*** Records for this task Section Begins ***
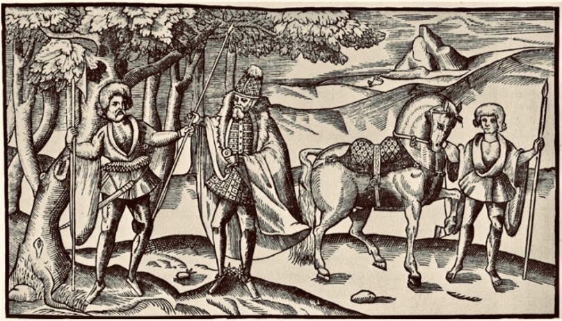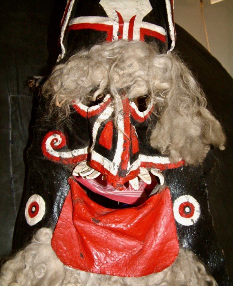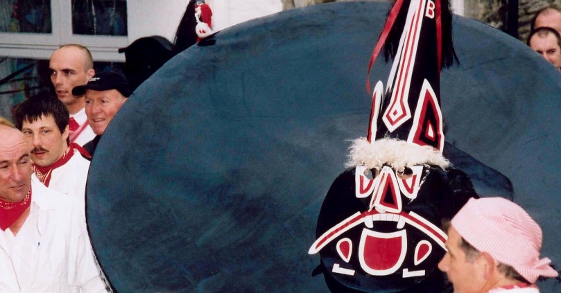 ‘After a reasonable pause we had the delight of seeing twelve young men come forth, accompanied by the same number of young women, the boys dressed much more showily than the girls… To heighten the beauty of the spectacle, out sprung the fool and his wife, the first with some head-dress of skin, a frightful mask, and a goat’s beard descending from it. Though we knew that the big bluff, good-natured countenance of Paudh himself was behind the vizard, we could scarcely refrain from taking flight, not being able any more than other children to look on an ugly mask without extreme terror. His wife (little Tome Blanche, the tailor) was in an orange-tawny gown, flaming handkerchief and mob-cap, and had a tanned, ugly female mask, fitting pretty close to her face. Paudh’s first salute to his friends was a yell, a charge in various directions, and a general thrashing of the crowd with his pea-furnished bladder suspended from a long stick. Mrs Clown had a broom, and used it to some purpose when she found her friends disposed to crowd her.’
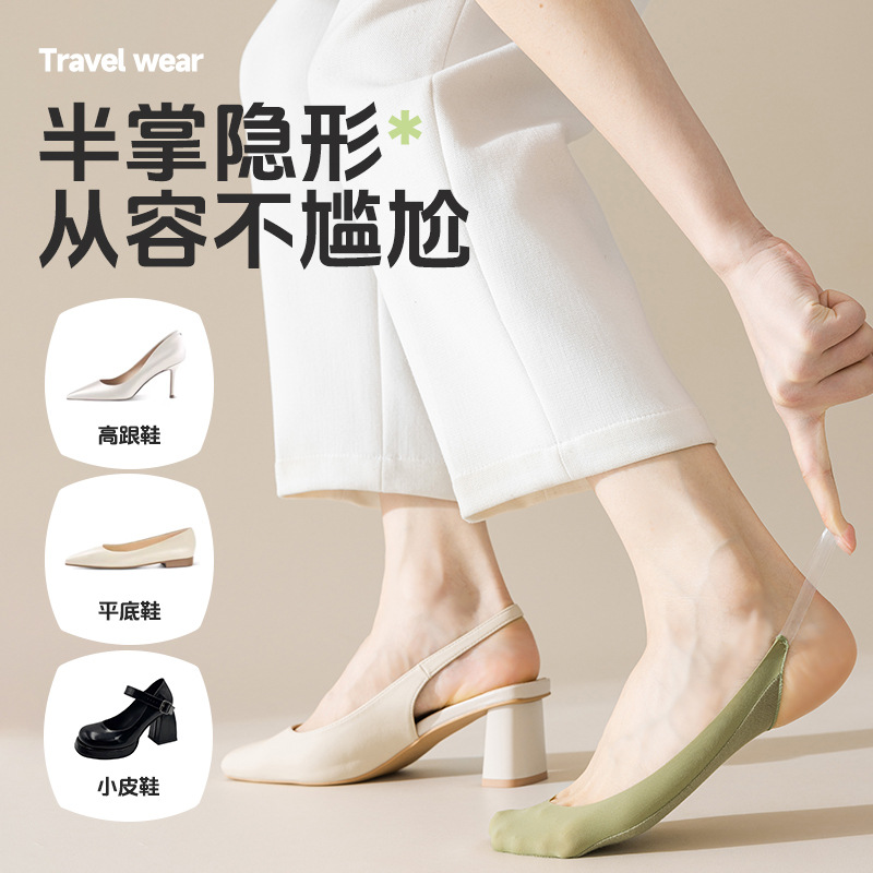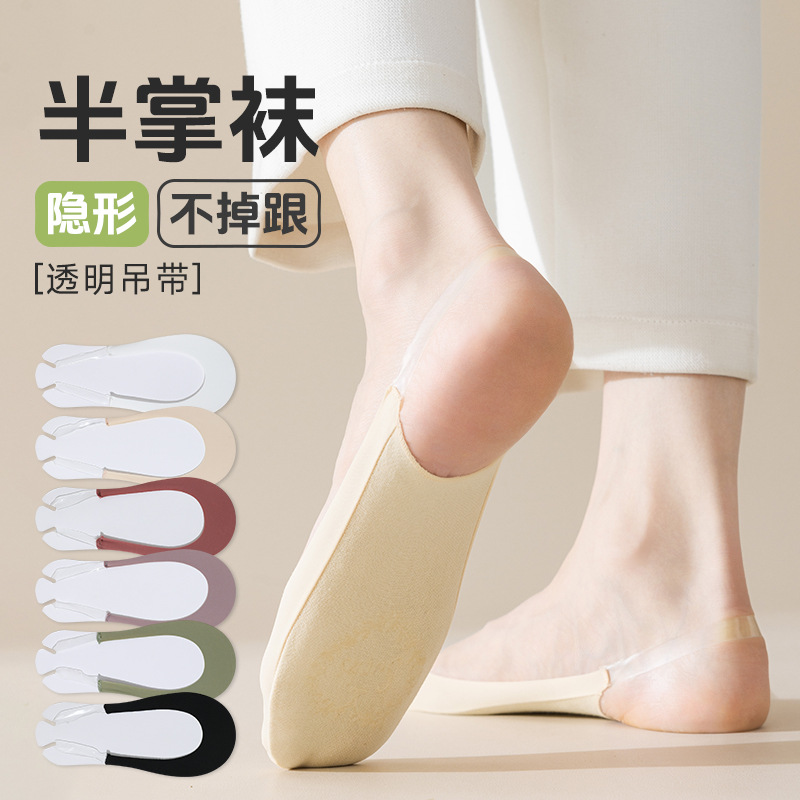 | nameOriginal | Solid Color Simple Transparent Sling Half-Palm Socks with High Heels Invisible Socks Moisture Absorption Non-slip Non-dropping Boat Socks for Women |
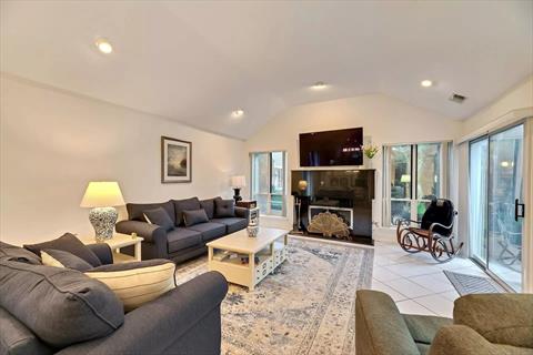 Welcome to The Waterways! This rare Admiral style unit boasts open floor plan living with vaulted ceiling living/dining room with dual patios, gas fireplace, Two walk in closets and oversized garage. Basic cable and Internet INCLUDED in HOA Fees! Guard Gated Community highlights: private marina, heated pool, tennis, pickleball, gym newly renovated (2025) clubhouse, bocce, activities, clubs, trips & more!
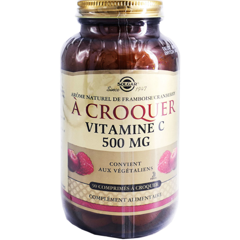 VITAMINE C 500 MG A CROQUER de SOLGAR est un complément alimentaire qui apporte de la vitamine C : 500 mg par comprimés à croquer. VITAMINE C 500 A CROQUER de SOLGAR, à l'arôme naturel de framboise et cranberry, convient aux végétariens, aux végétaliens et est garanti sans gluten, et Kasher.
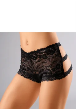 Petite Fleur Gold: Panty Ouvert aus verfĂŒhrerischer Vollspitze. Vorne transparent. Der Po wird nur mit SpitzenbĂ€ndern bedeckt. Erhöhte Passform. Aus 90% Polyamid, 10% Elasthan.
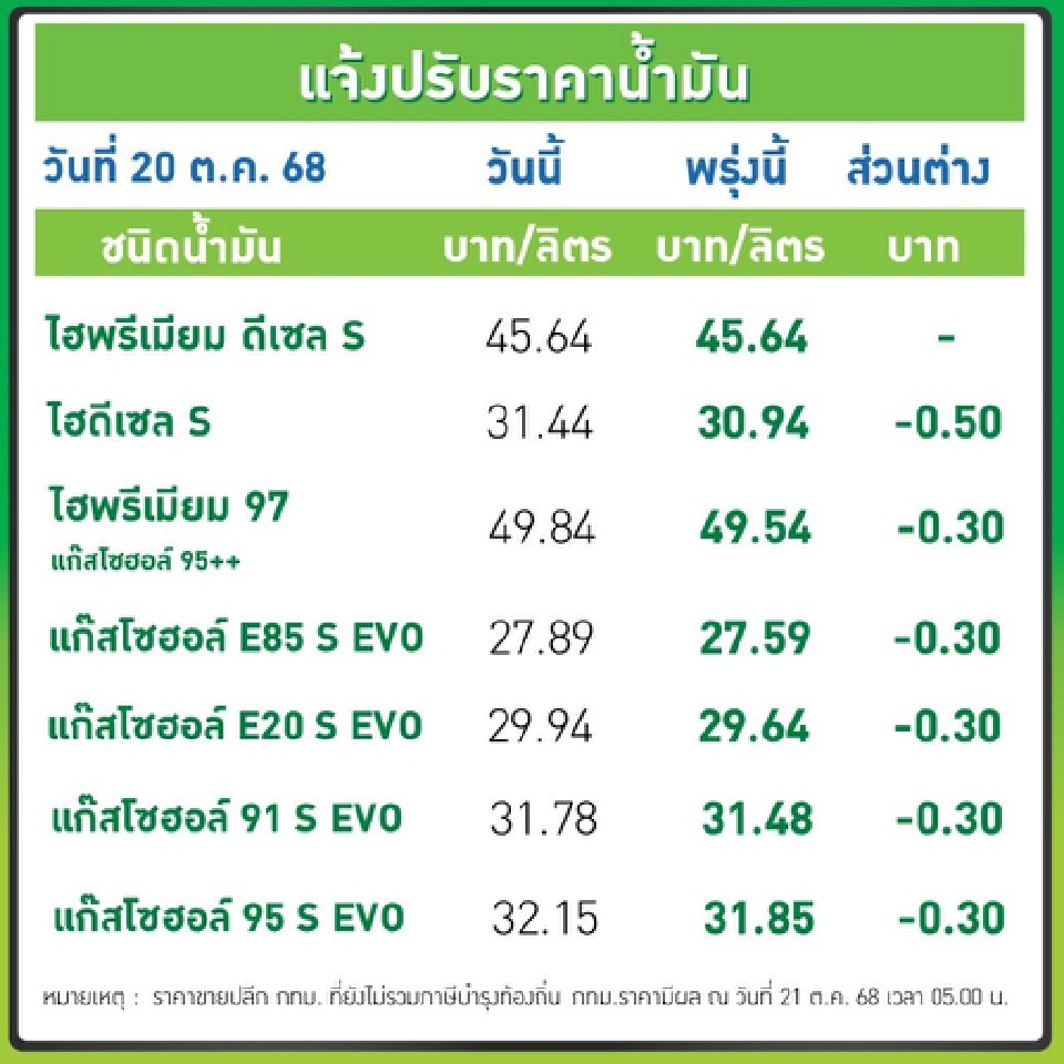 ที่มา : ราคาน้ำมันพรุ่งนี้2568 (29 ต.ค. 68) บางจาก ปตท. อัปเดตราคาล่าสุด
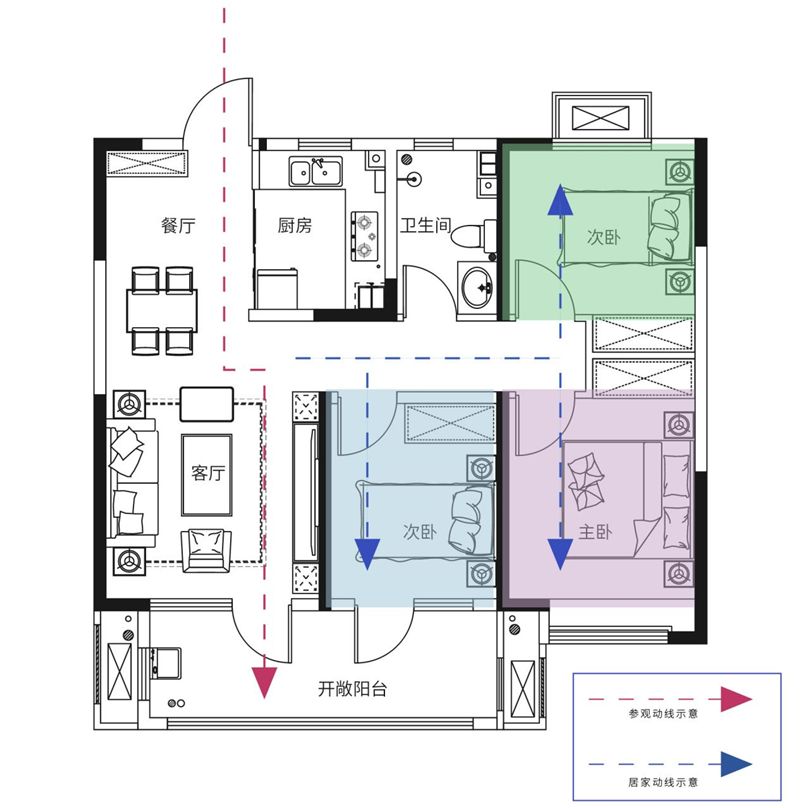 建面约92㎡功能三居H3户型 盛妆绽放
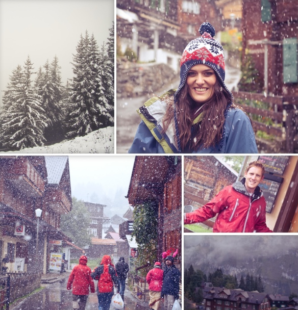 I went and rented some hiking shoes since my boots were soaked and were hopeless for snow! Then we headed to the cable car for the ascent to Allmendhubel. As we headed up we saw snow on the trees and on the ground but not very much. I know that normally there isn’t much snow up here as it is usually a good spot for hiking and seeing the wildflowers, but with the weather being a bit wild and it was snowing lightly in Murren, there was hope!
*** Records for this task Section Ends ***
Write out again only the lines from the line that contains "Petite Fleur Gold: Panty" through the last line of the records, both ends included, without any of the pictures.

 Petite Fleur Gold: Panty Ouvert aus verfĂŒhrerischer Vollspitze. Vorne transparent. Der Po wird nur mit SpitzenbĂ€ndern bedeckt. Erhöhte Passform. Aus 90% Polyamid, 10% Elasthan.
 ที่มา : ราคาน้ำมันพรุ่งนี้2568 (29 ต.ค. 68) บางจาก ปตท. อัปเดตราคาล่าสุด
 建面约92㎡功能三居H3户型 盛妆绽放
 I went and rented some hiking shoes since my boots were soaked and were hopeless for snow! Then we headed to the cable car for the ascent to Allmendhubel. As we headed up we saw snow on the trees and on the ground but not very much. I know that normally there isn’t much snow up here as it is usually a good spot for hiking and seeing the wildflowers, but with the weather being a bit wild and it was snowing lightly in Murren, there was hope!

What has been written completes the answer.